Accurately capturing the abnormal condition of the planetary gearbox will no doubt help the engineers make the optimal maintenance decisions, timely replacing the faulty component. 2 However, the planetary gearbox has the unique dynamical characteristics compared to fixed-axle gearbox: the time-variable meshing position, multiple pairs of teeth meshing at the same time, and the complex vibration transmission path. 3 These make the vibration response of planetary gearbox present significant complexity, modulation, time-varying, and transient properties.
Above mentioned unique dynamic characteristics brings great challenge for diagnosing faults of planetary gearbox. Thus, a large number of scholars have put efforts in fault identification of planetary gearbox. Lei et al. 4 proposed two time and frequency domain features, which perform better than the traditional time or frequency characteristics. Feng et al. 5 applies Vold Kalman filter to adaptively screen the appropriate bandwidth of the vibration signal, and this signal processing method can greatly reduce the background noise effect on the fault identification of wind turbine planetary gearbox. Sharma and Tiwari 6 proposed weighted multiscale fluctuation based dispersion entropy to extract fault characteristics from the vibrational signal, which provides more separable features for fault identification. Zhang et al. 7 investigated the dynamic behaviors of the planetary gear through rigid-flexible coupling dynamics model.

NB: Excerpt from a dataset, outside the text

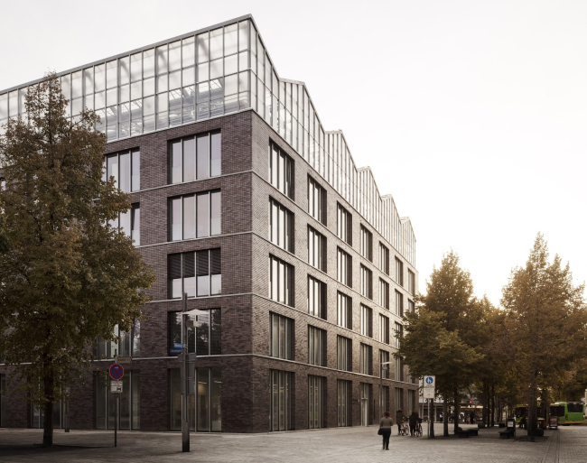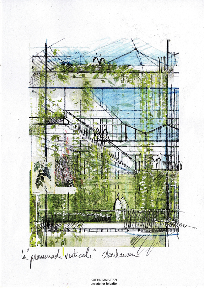 В 2016 конкурс на проект этого «гибрида» выиграло бюро Kuehn Malvezzi, которое подчеркнуло необычность соединения двух функций, центра занятости и теплицы, выбором материала. Офисная часть получила фасады из клинкера холодного темно-красного оттенка. Штабельная кладка выделяет его роль как облицовочного материала, а не «строительного», при этом кирпич – также дань местному контексту. Главные достопримечательности Оберхаузена, ратуша, главный склад Gutehoffnungshütte по проекту Беренса, ставший ныне музейным запасником, и другие заметные сооружения – именно кирпичные постройки начала XX века.
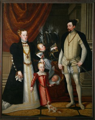 Imperatore Massimiliano II (1527-1576) con la sua famiglia: Maria di Spagna (1528-1603), e i loro figli Anna (1549-1580), Rodolfo (1552-1612) ed Ernesto (1553-1591)(Emperor Maximilian II (1527-1576) with his family: Mary of Spain (1528-1603), and their children Anne (1549-1580), Rodolph (1552-1612) and Ernest (1553-1591) Painting by Giuseppe Arcimboldi (or Arcimboldo) (1527-1593) 1553 Sun. 188x240 cm Ambras Castle, In)Giuseppe Arcimboldo |

Above mentioned researches are focus on the method using vibrational signals measured from single channel. Recent researches show that the multichannel information fusion methods will no doubt provide more comprehensive fault information than the single-channel-based method, achieving more accurate diagnostic result. Fu et al. 8 fused the diagnosis results from multiple channels and decided the fault state of gearbox comprehensively. The experiment result showed that the accuracy of three sensors based diagnosis method is significantly higher than the single sensor based method. Maheswari and Umamaheswari 9 combined the multivariate mode signal processing with the noise-assisted analysis in measuring the multi-frequency modes based vibrations. The result also showed the multichannel information fusion method has the better performance than the single-channel-based method in planetary gear condition monitoring.
The difficulty of information fusion is how to comprehensively and deeply fuse multichannel signals with different dimensions, different information content, and different characteristics. Multivariate entropy provides an alternative way for the multichannel feature extraction and multichannel information fusion. 10 The multivariate entropy uses the multivariate phase space to reconstruct multichannel signals with different dimensions in a state space with uniform dimensions, which allows the entropy measure explore the dynamic characteristics hidden in the different channels. Wei et al. 11 combined the composite procedure with multivariate multiscale symbolic dynamic entropy for the recognizing faults of gearbox. Wang et al. 12 improves multivariate multiscale sample entropy by taking advantage of generalized refined composite procedure for the health monitoring of rotating machinery.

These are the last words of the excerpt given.